Table 2 shows examples of records in the benchmark’s dataset. We believe that the benchmark can contribute to standardizing the evaluation of WSD models.
7. Results
In this section, we present our experimental results.
Table 8 summarizes the results of Model I and Model II on the test set as measured by precision, recall, and the F1-score. For Model I and Model II, we experimented with three different configurations as follows:
AraBERTv2 as a pretrained BERT model without tokenizing the input sentences.
AraBERTv2 as a pretrained BERT model with tokenizing the input sentences.
ArBERT as a pretrained BERT model without tokenizing the input sentences.
As can be seen in
Table 8, both configurations that use AraBERTv2 seem to outperform ArBERT as the pretained BERT model.
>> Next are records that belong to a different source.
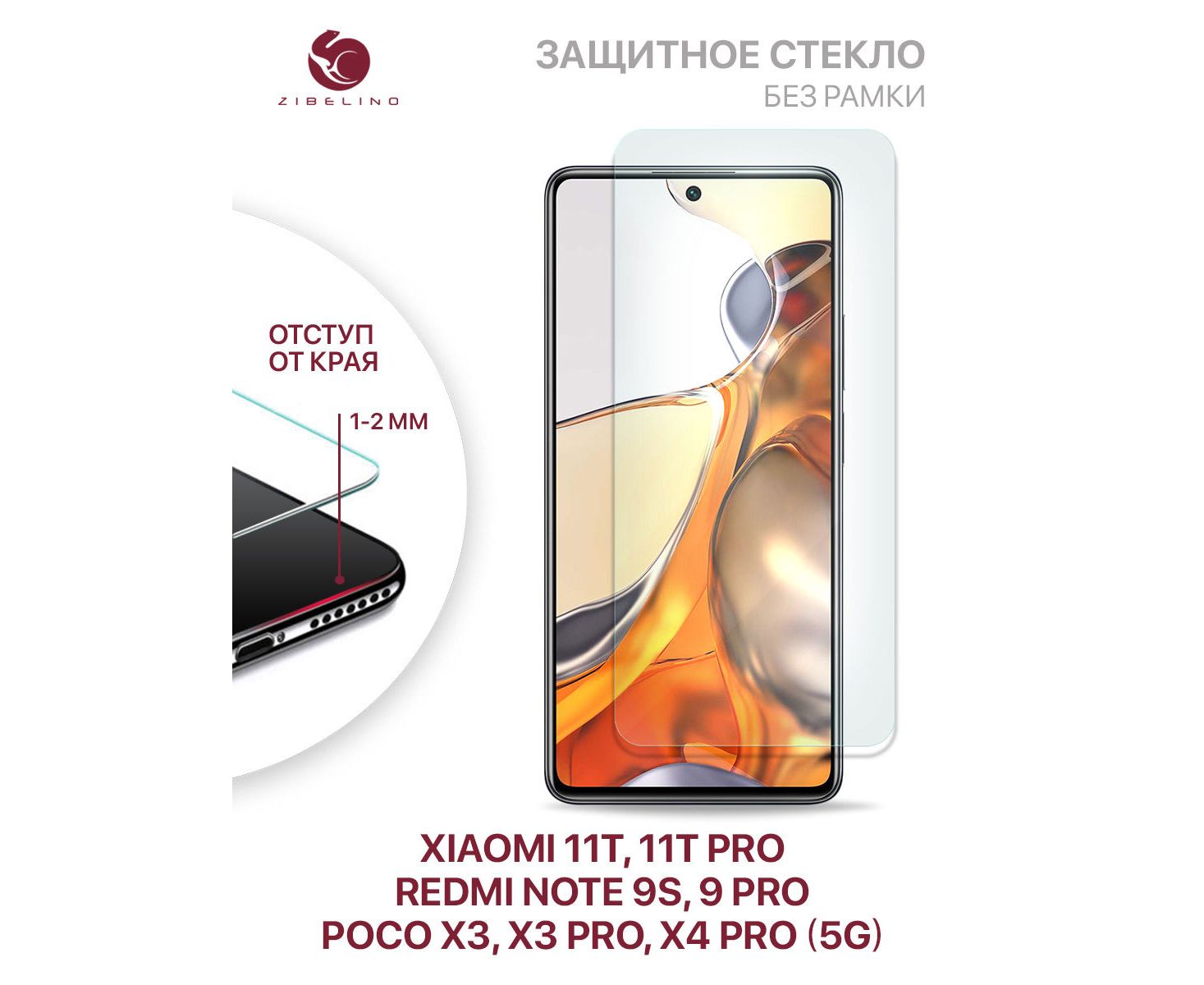 Защитное стекло для Xiaomi Redmi Note 9S, 9 Pro, 11T, 11T Pro, Poco X3, X3 Pro, X4 Pro (5G) без рамки, с отступом от краев (Ксиоми 11Т 11Т Про Редми Нот 9S 9 Про Поко Х3 Х3 Про Х4 Про 5G)
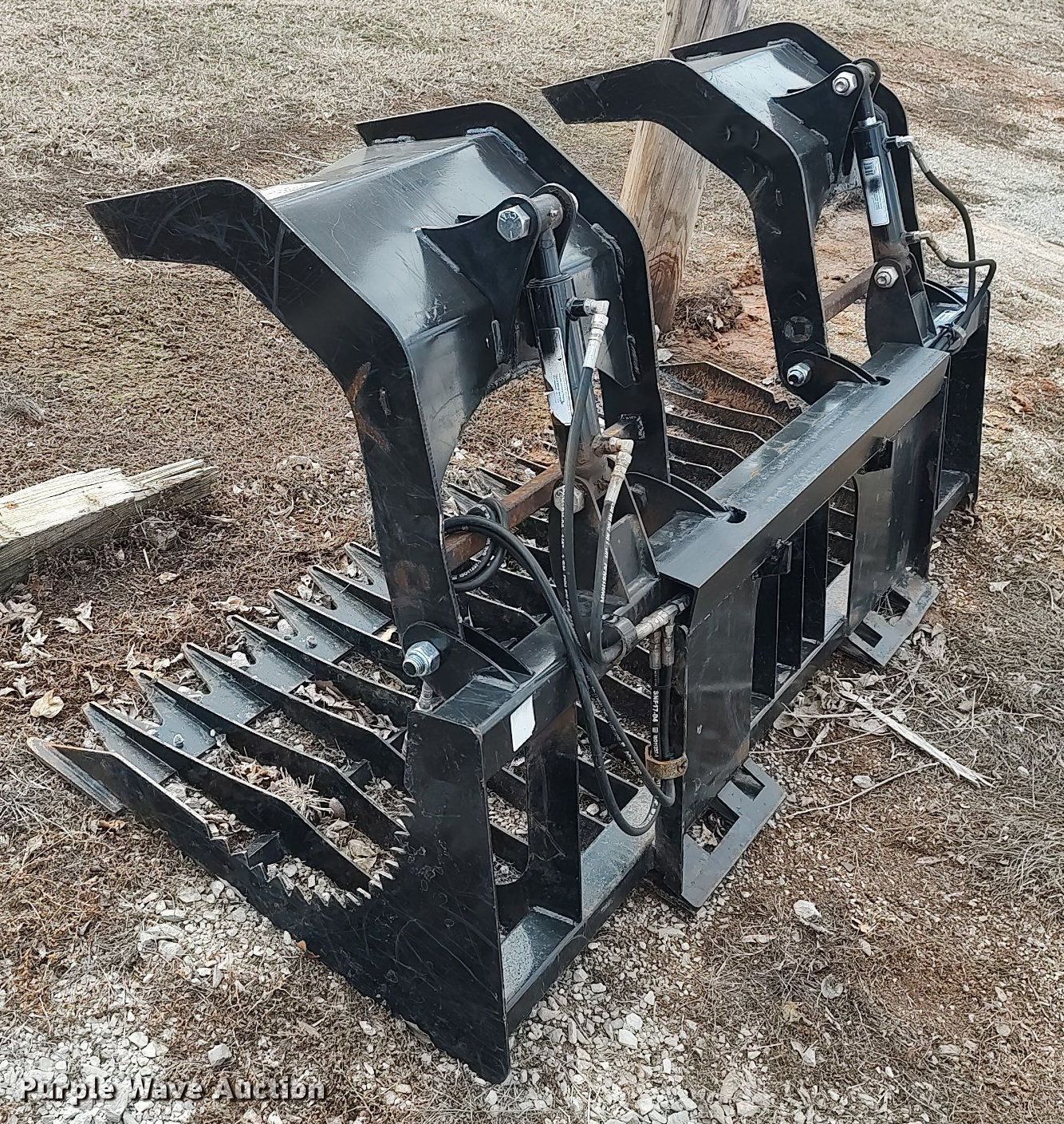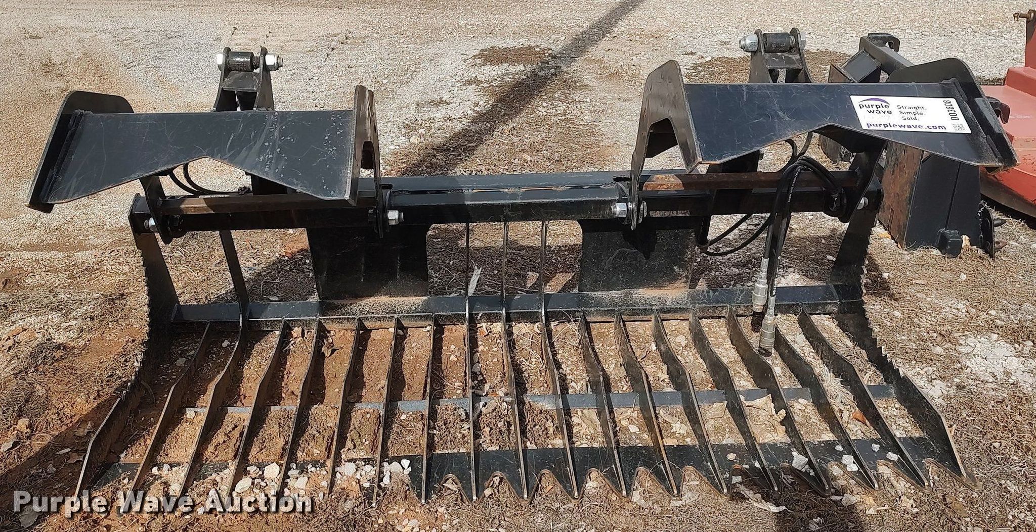 Purple Wave is selling a used Skid Steer Attach. in Oklahoma. This item is a 80" W skid steer rock grapple bucket with the following: 80" W skid steer rock grapple bucket. 2302 South Division Street. Guthrie, OK 73044
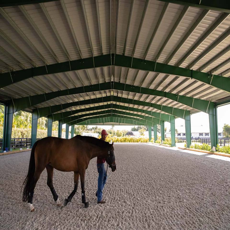 Manège ouvert/fermé en structure acier, à portique préfabriqué à travée libre, pour sports équestres
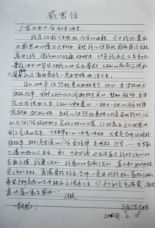 自从2011年伍熙帆患白血病至今,他也一直坚强地与疾病抗争,同时你们从不间断给予关心、帮助、鼓励,当医院血库供血不足,你们献出爱心,一批又一批的同学到医院献血,献血小板,当我儿伍熙帆患病,功课受到影响,你们又派同学给他补上完成了他的心愿,让他离开这个世界也划上圆满的句号。已经毕业了的师兄师姐,尤其是老师成晓玲、张环华,特别是在读的同学余煜梓、吴晓群、邝军……等等数不清的好心人名字,总之,千言万语也无法表达我对你们的感激之情,我爱你们,我衷心的感激你们,真不知道如何报答你们才好,恳请贵校校长、老师一定要代我好好表扬他们,希望这种高尚的品质能永远传承下去,让这个社会充满爱。在此,再一次衷心表示感谢!!!
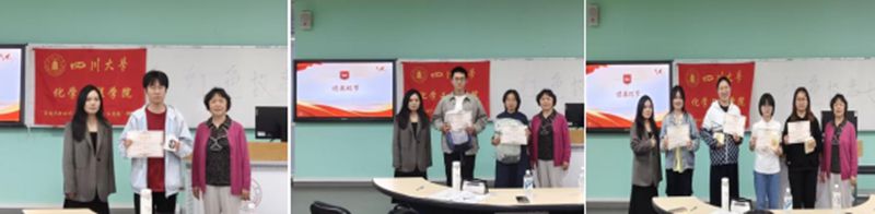选手表演结束后,评委们根据故事内容、现场演绎等综合表现评选了获奖作品,袁玲和徐建勇老师共同为获奖同学颁奖并合影留念。
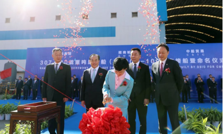 招商局集团党委书记、董事长缪建民为新船命名
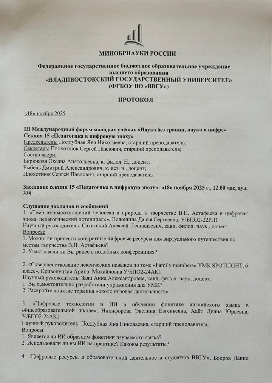 | 3 Международный форум молодых учёных | Научная конференция | Внутривузовский | 18.11.2025 - 18.11.2025 | Участник |
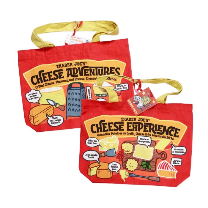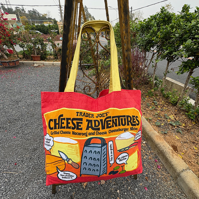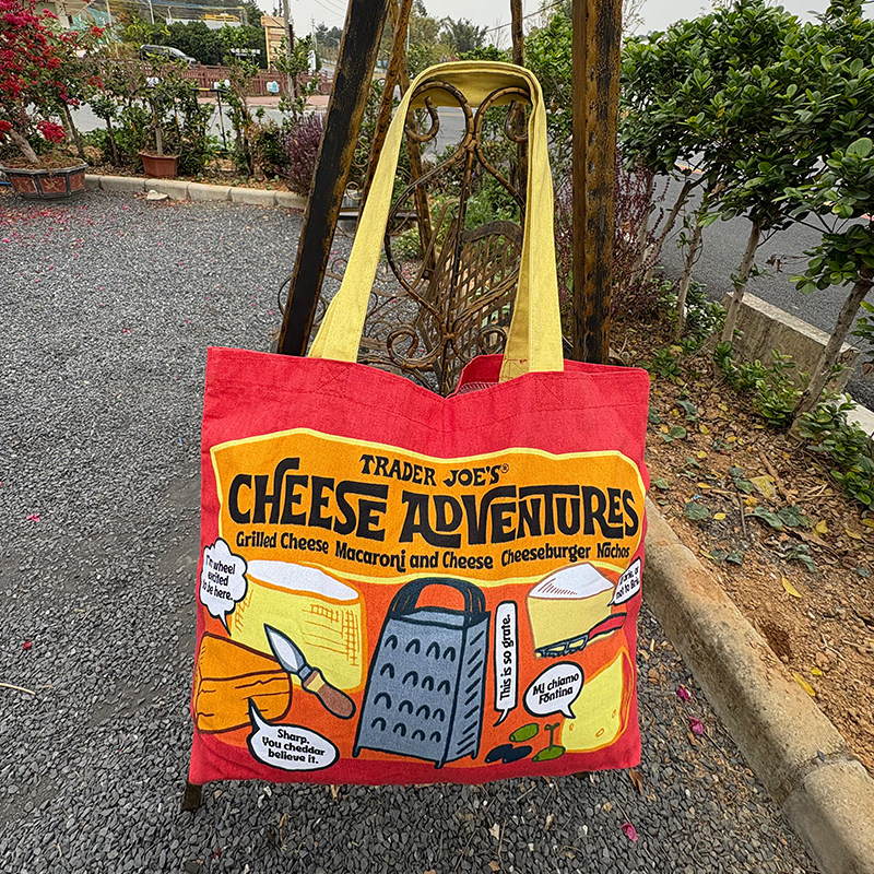 美國Trader Joe's製自缺德舅新款純棉起司圖案印花紅色休閒購物袋
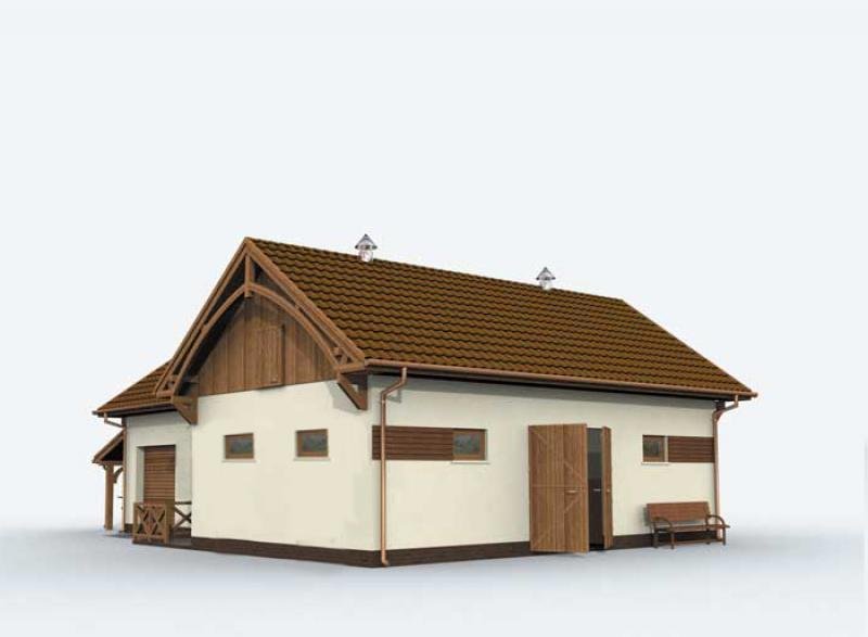 Budynek gospodarczy z czterema pomieszczeniami , łazienką i wiatą.

This holds for both Model I and Model II. For the tokenization configuration, Model II enhances the precision from 92% to 96% while decreasing the recall from 87% to 67%, which affects the F1-score and hence decreases from 89% to 79%. On the other hand, Model I is adversely affected by tokenization, leading to a decrease in precision from 69% to 67% and in F1-score from 74% to 72%. We can also see that Model II always outperforms Model I.
Table 9 compares our proposed models against other embedding based models that depend on representing gloss and the context sentences in the vector space such as in our model. We compare our proposed models with two models, Laatar [
25] and Laatar [
23] which are the most recent Arabic WSD works. The test data of the two models are not available; thus, in order to make a fair comparison, we redeveloped their models and tested them on our benchmark. Laatar [
25] used FLAIR [
26] to generate word embedding. FLAIR is a pretrained character level language model. Laatar [
25] represents each sentence by the mean of its words vectors. The authors in [
23] used Word2Vec [
15] language model to represent the words of the sentence in the vector space and then they represented the sentence by adding its words vector representation. After calculating the sentences’ vectors, both models measure the cosine similarity between the context sentence vector and the gloss sentences vector and choose the gloss with the highest similarity score.
Table 9 shows that our models outperform other embedding-based models in terms of precision, recall and F1 score.
Table 9 also shows the original paper results of other models according to their test set. We performed McNemar’s significance test [
32] between Model II and Laatar [
25] and between Model II and Laatar [
23]; we find that Model II is significantly better than Laatar [
25] and Laatar [
23] and that the
p-value is less than 0.01.
In
Table 10, we present the performance in comparison to other Arabic Knowledge based WSDs.
As shown in
Table 10, Model II with non-tokenized inputs outperforms all other Arabic knowledge-based WSD as measured by F1-score.